The screening of “Flight of the Red Balloon” (2007) is preceded by”The Electric Princess Picture House” (2007). Are there any directors who would not like to work with Juliette Binoche? Juliette Binoche stars in Hou Hsiao-hsien’s exhilarating Paris-set update of the “The Red Balloon” –the 1956 French classic by Albert Lamorisse. “The Electric Princess Picture House” is a segment from “To Each His Own Cinema” (Chacun son cinéma) commissioned on the occasion of 60th anniversary of Cannes film festival.

                                  February 26, 6:30 PM

“A Summer at Grandpa’s” (1984) follows two children who spend an eventful summer at their grandparent’s home in the country and the face the realities of childhood.

                                   February 27, 6:30 PM

“The Green, Green Grass of Home” (1983) is one of Hou’s commercial romantic comedies. The film follows Da-Nian, who goes to a remote village to work as a substitute teacher and finds his love.

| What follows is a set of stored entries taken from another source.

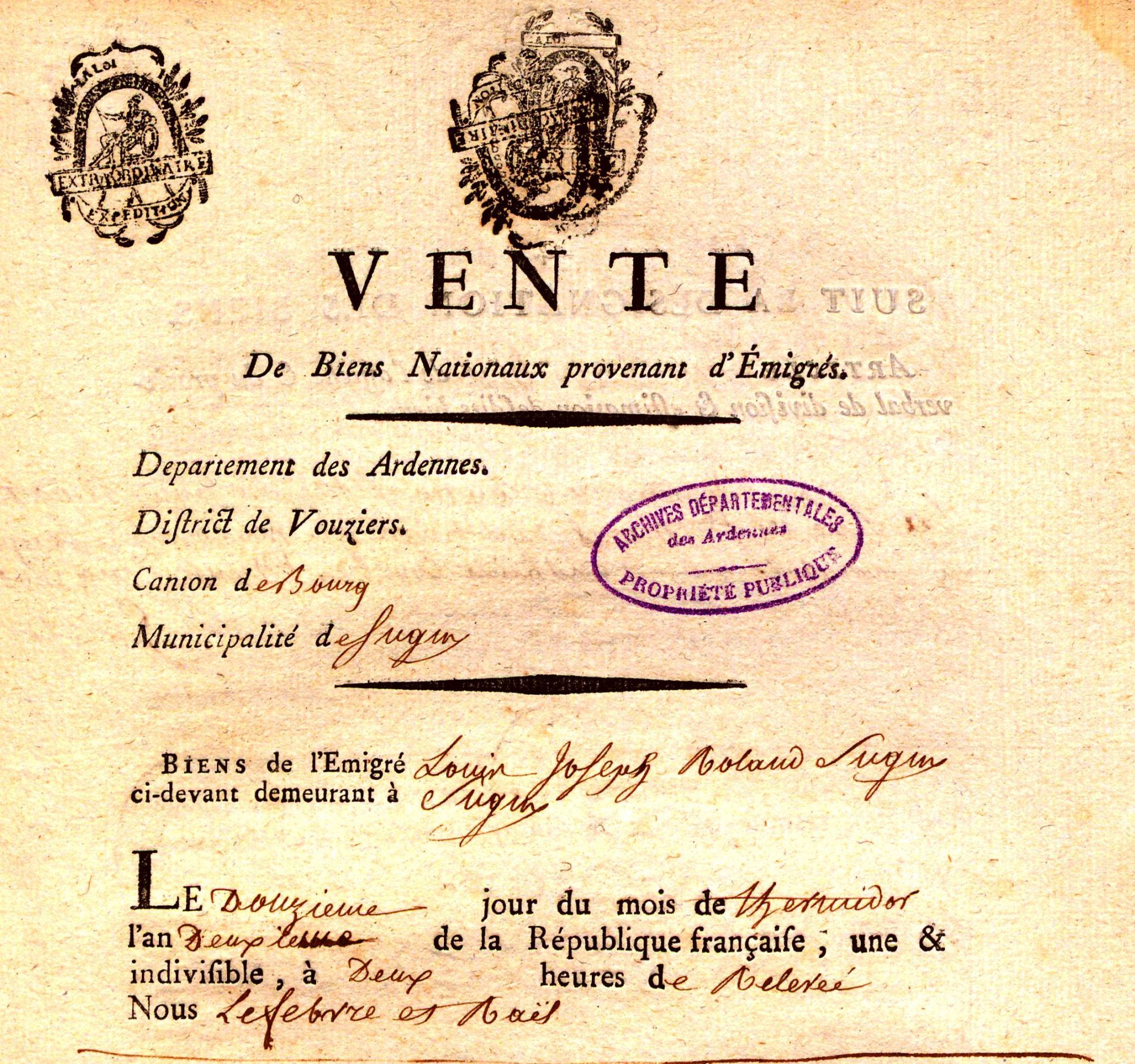 Ce fonds est entré aux Archives départementales des Ardennes au début du XXe siècle et a fait l’objet d’un répertoire imprimé en 1911. Hélas, à peine un tiers du fonds a échappé aux dommages de mai 1940. Un instrument de recherche a aujourd’hui été rédigé permettant l’interrogation du fonds sur la base de données du portail des Archives départementales : un outil indispensable pour retrouver facilement les documents intéressant la vente des Biens nationaux, un des évènements les plus importants de la Révolution française.
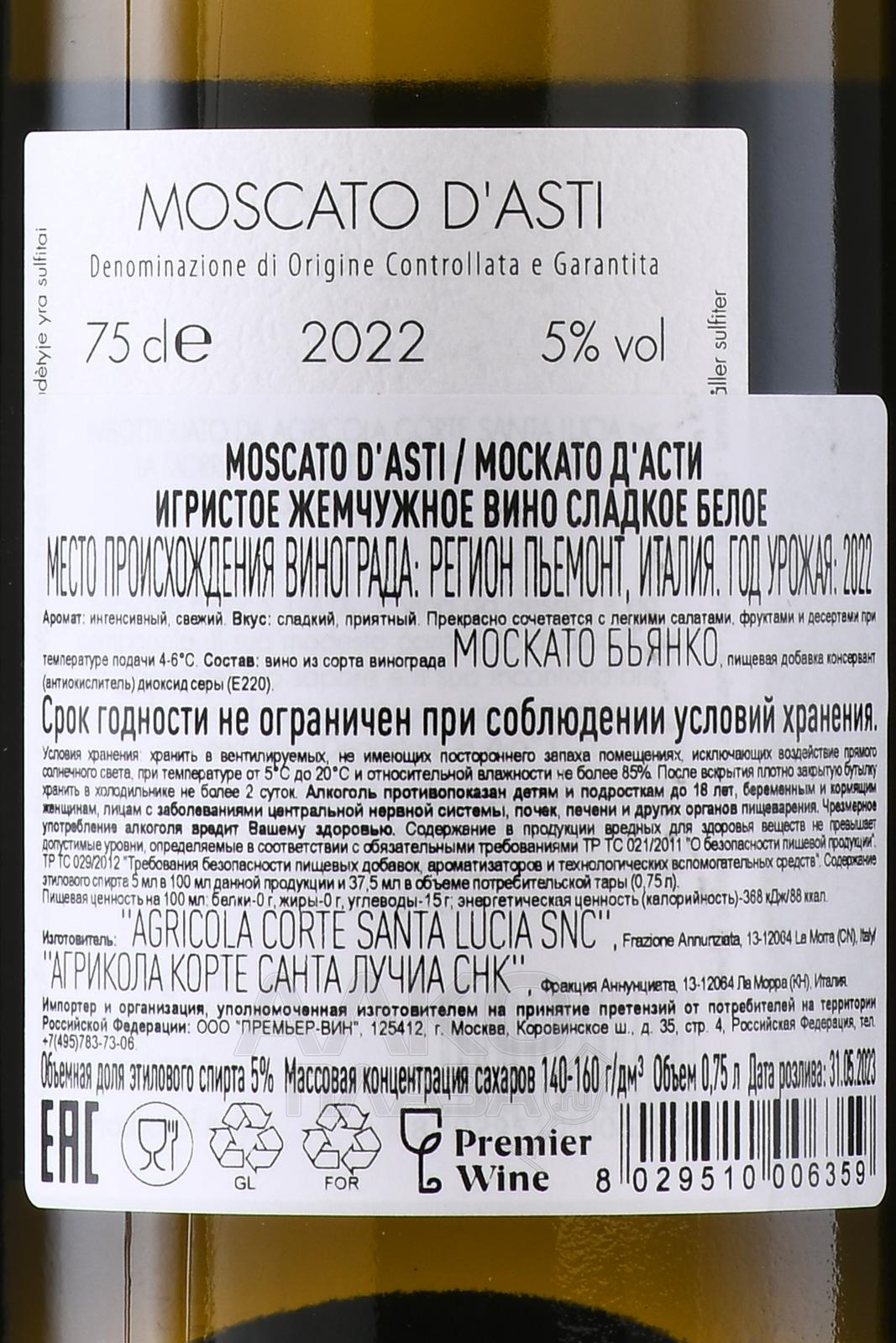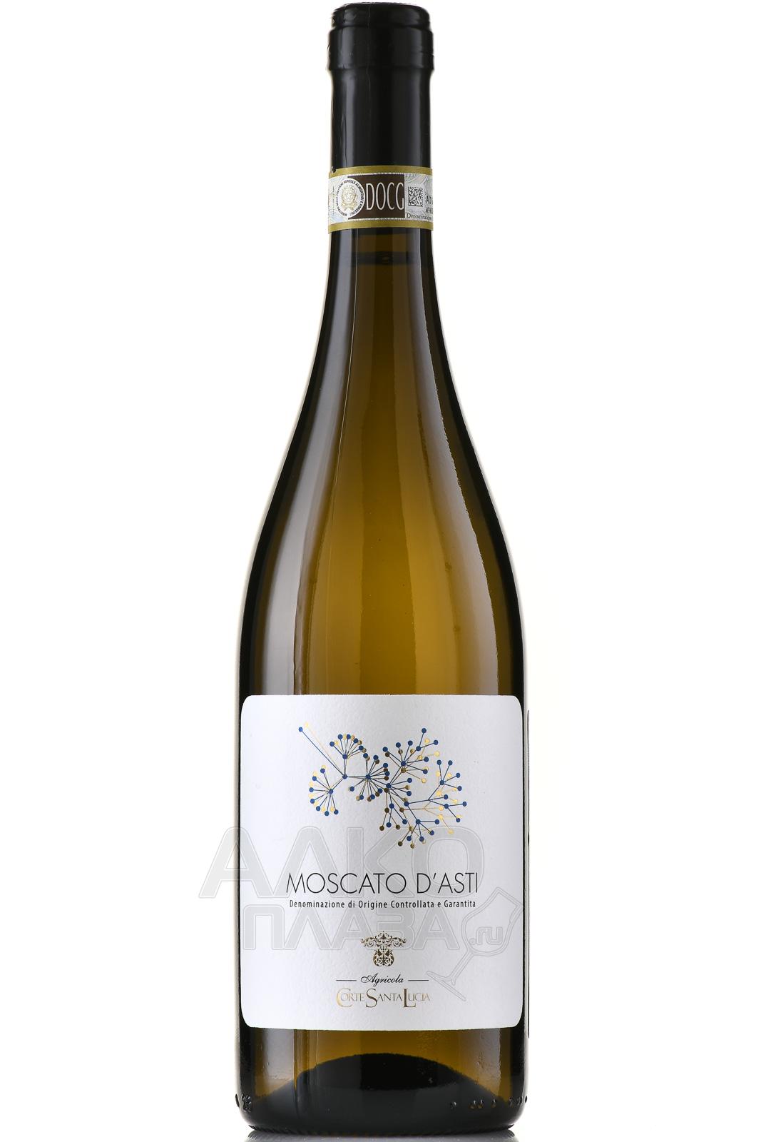 Игристое белое сладкое вино Corte Santa Lucia Moscato d`Asti 0,75 л происходит из Пьемонта, с холмов на юге региона. Виноградники находятся на склонах с известняково-глинистыми и мергелевыми почвами, которые хорошо удерживают влагу и подчёркивают ароматический профиль сорта. Умеренно прохладный климат и значительные суточные перепады температур способствуют сохранению свежести и естественной кислотности. Напиток делают из ароматного винограда позднего сбора. Ферментация проходит по методу Шарма. Первое брожение останавливают принудительно, чтобы сохранить остаточный сахар, а повторно напиток ферментируют в стальных автоклавах при пониженном давлении до 2,5 атмосфер.
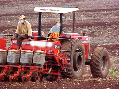 Olha só o flagrante de displicência no trabalho na zona rural. O agricultor vai sentado sobre o implemente agrícolo, num perigo danado. Dados da 11ª Regional de Saúde de Campo Mourão indicam que, em 2001, duas pessoas morreram em acidentes com máquinas agrícolas. Este ano já aconteceram outras duas mortes, a última em Campina da Lagoa, há menos de um mês, quando um operador de colheitadeira morreu enquanto regulava a máquina. Por trabalharem isolados, quase sempre sozinhos, os trabalhadores ficam condenados a não terem ajuda no caso de acidentes. E o problema não é “apenas” o óbito. Segundo a Regional de Saúde, em 2001 foram registrados dois casos de amputações na região e, este ano, esse número já saltou para três. Ah, isso é sinal que o povo da roça também curte uma adrenalininha de vez em quando...
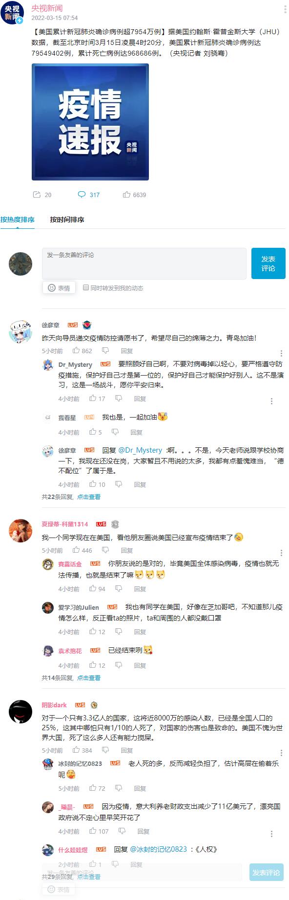 【美国累计新冠肺炎确诊病例超7954万例】据美国约翰斯·霍普金斯大学(JHU)数据,截至北京时间3月15日凌晨4时20分,美国累计新冠肺炎确诊病例达79549402例,累计死亡病例达968686例。(央视记者 刘骁骞)

                                  February 28, 5:45 PM

“Daughter of the Nile” (1987) follows a young woman who tries to hold together what remains of her family.

                                 March 1, 6;30 PM

“Millennium Mambo” (2001). There is no better way to complete Hou Hsiao-hsien’s retrospective than to show his “Millennium Mambo”, which tells a story about emptiness and is full of magnetic performances delivered by Qi Shu.